[Records from a collection]
= Beginning of Section =

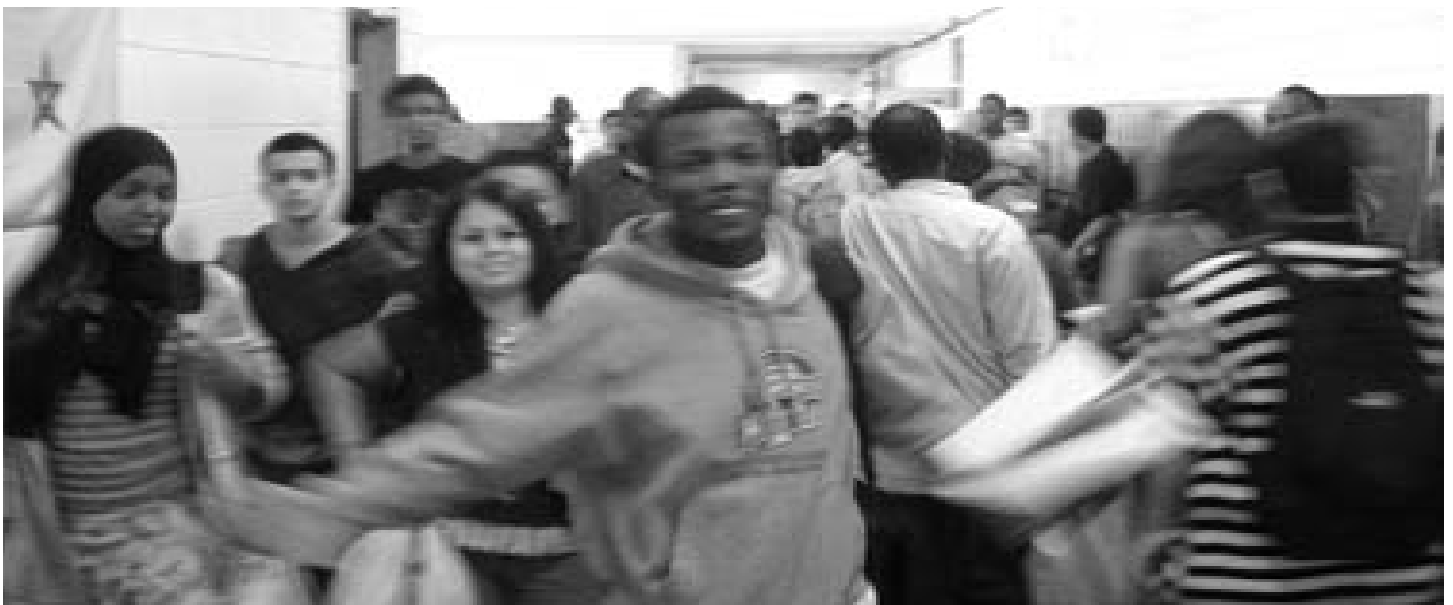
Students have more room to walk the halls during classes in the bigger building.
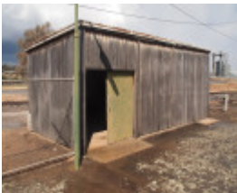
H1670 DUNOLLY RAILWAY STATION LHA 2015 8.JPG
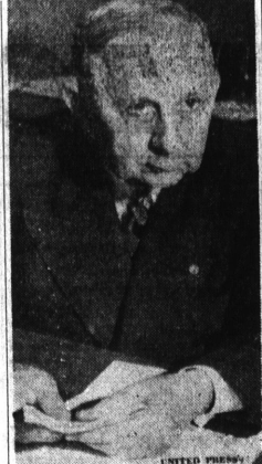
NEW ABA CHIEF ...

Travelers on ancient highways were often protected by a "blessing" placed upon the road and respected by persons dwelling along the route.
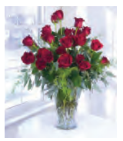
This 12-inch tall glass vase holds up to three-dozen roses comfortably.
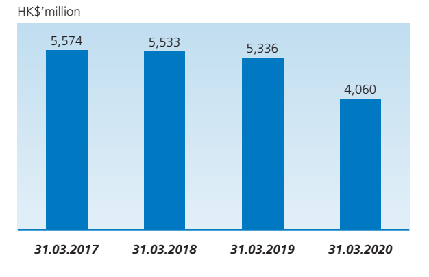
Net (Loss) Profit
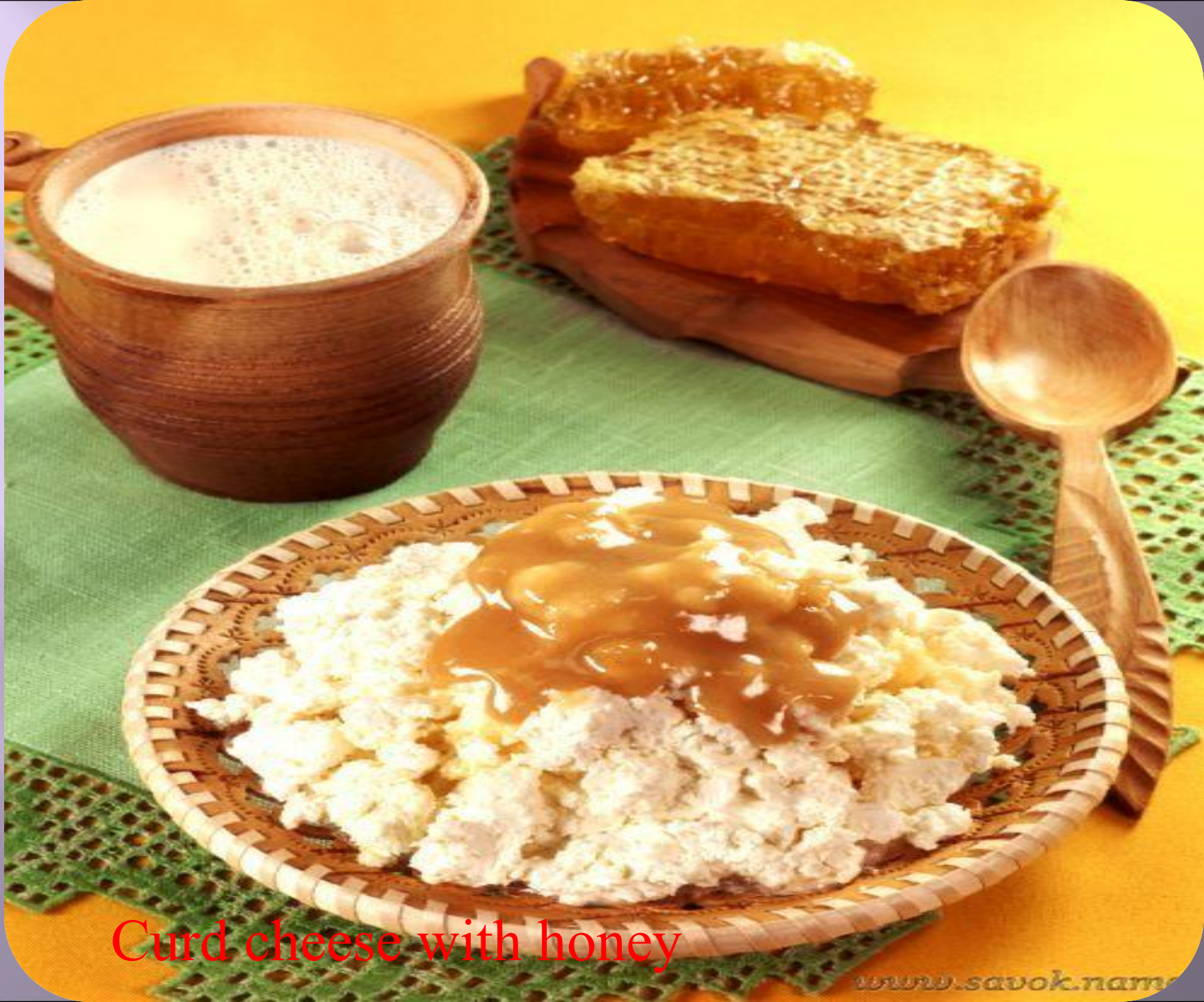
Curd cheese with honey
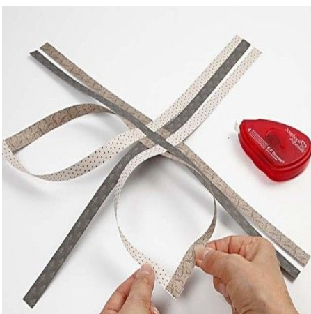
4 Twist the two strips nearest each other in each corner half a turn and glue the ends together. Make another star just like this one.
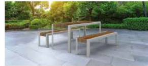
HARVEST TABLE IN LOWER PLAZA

= End of Section =
= Beginning of Section =

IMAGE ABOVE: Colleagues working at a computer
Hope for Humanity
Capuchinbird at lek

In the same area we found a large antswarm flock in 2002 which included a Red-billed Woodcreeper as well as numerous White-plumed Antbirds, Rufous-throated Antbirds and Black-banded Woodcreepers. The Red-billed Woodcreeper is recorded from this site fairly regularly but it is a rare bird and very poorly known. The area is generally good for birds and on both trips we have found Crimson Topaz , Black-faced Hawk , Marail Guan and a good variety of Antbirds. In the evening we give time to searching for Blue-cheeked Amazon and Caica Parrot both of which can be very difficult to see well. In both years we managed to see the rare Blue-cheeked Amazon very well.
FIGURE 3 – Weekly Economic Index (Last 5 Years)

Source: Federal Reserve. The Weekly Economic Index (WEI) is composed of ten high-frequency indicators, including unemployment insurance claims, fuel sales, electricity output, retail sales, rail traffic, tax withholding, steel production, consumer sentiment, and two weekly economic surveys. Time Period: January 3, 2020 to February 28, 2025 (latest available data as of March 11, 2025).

= End of Section =
= Beginning of Section =

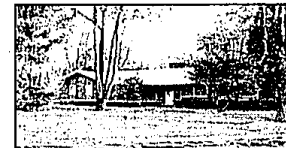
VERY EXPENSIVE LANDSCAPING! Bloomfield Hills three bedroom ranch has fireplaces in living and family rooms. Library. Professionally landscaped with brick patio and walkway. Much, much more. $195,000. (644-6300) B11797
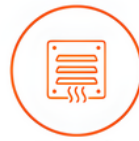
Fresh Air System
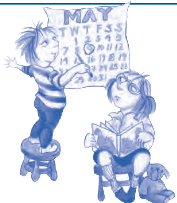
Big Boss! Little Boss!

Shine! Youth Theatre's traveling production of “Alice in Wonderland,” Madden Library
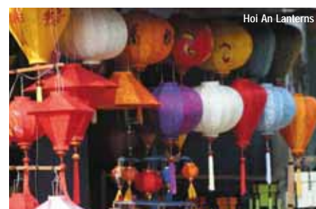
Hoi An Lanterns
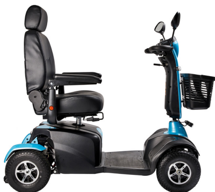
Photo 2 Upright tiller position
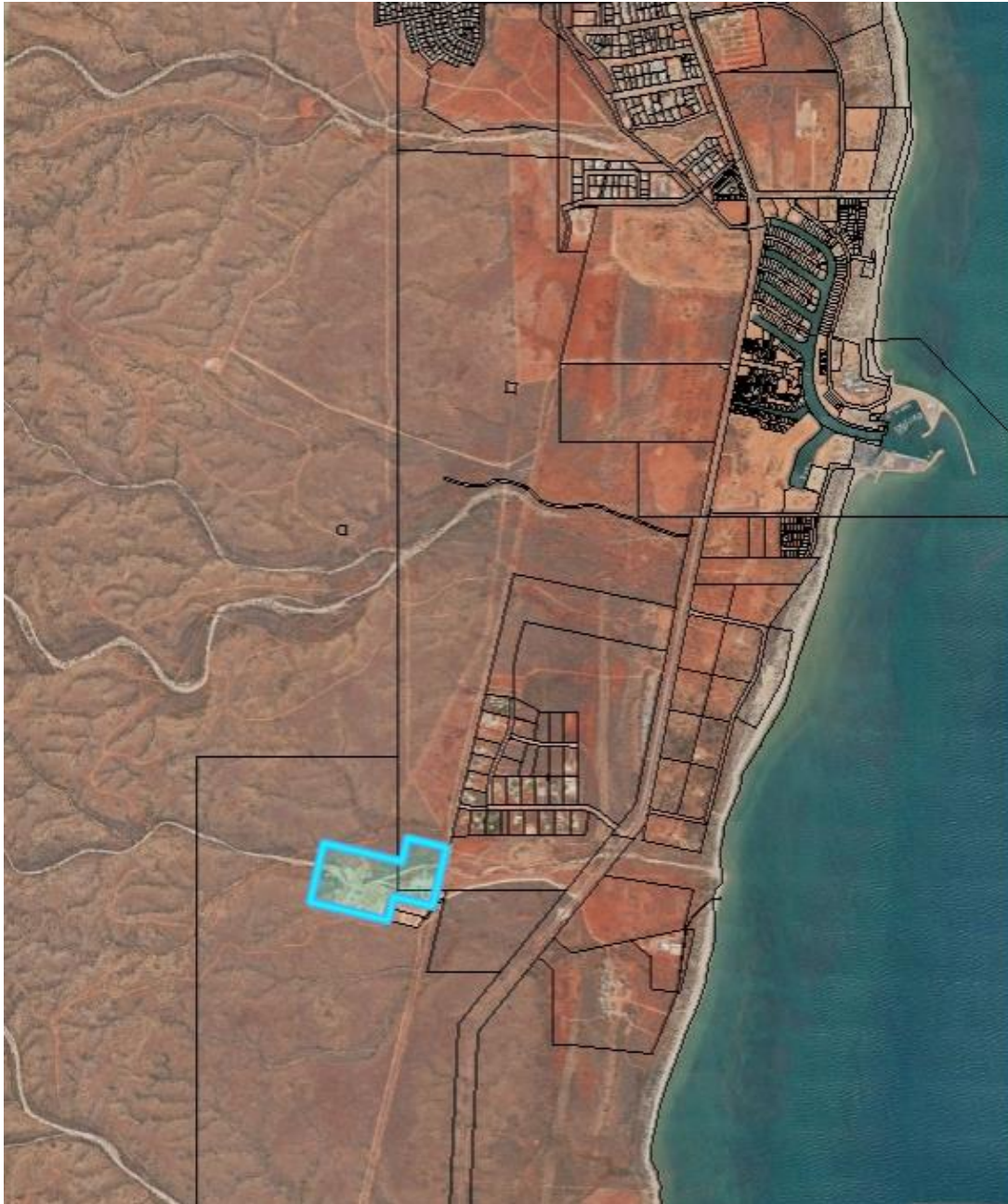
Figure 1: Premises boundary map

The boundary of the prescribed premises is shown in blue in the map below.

= End of Section =

[What the task requires]: Leave out every line above except those from the line with "IMAGE ABOVE: Colleagues working at a computer" up to and including the line with "Capuchinbird at lek", and copy those exactly.

[Answer to this problem]:
IMAGE ABOVE: Colleagues working at a computer
Hope for Humanity
Capuchinbird at lek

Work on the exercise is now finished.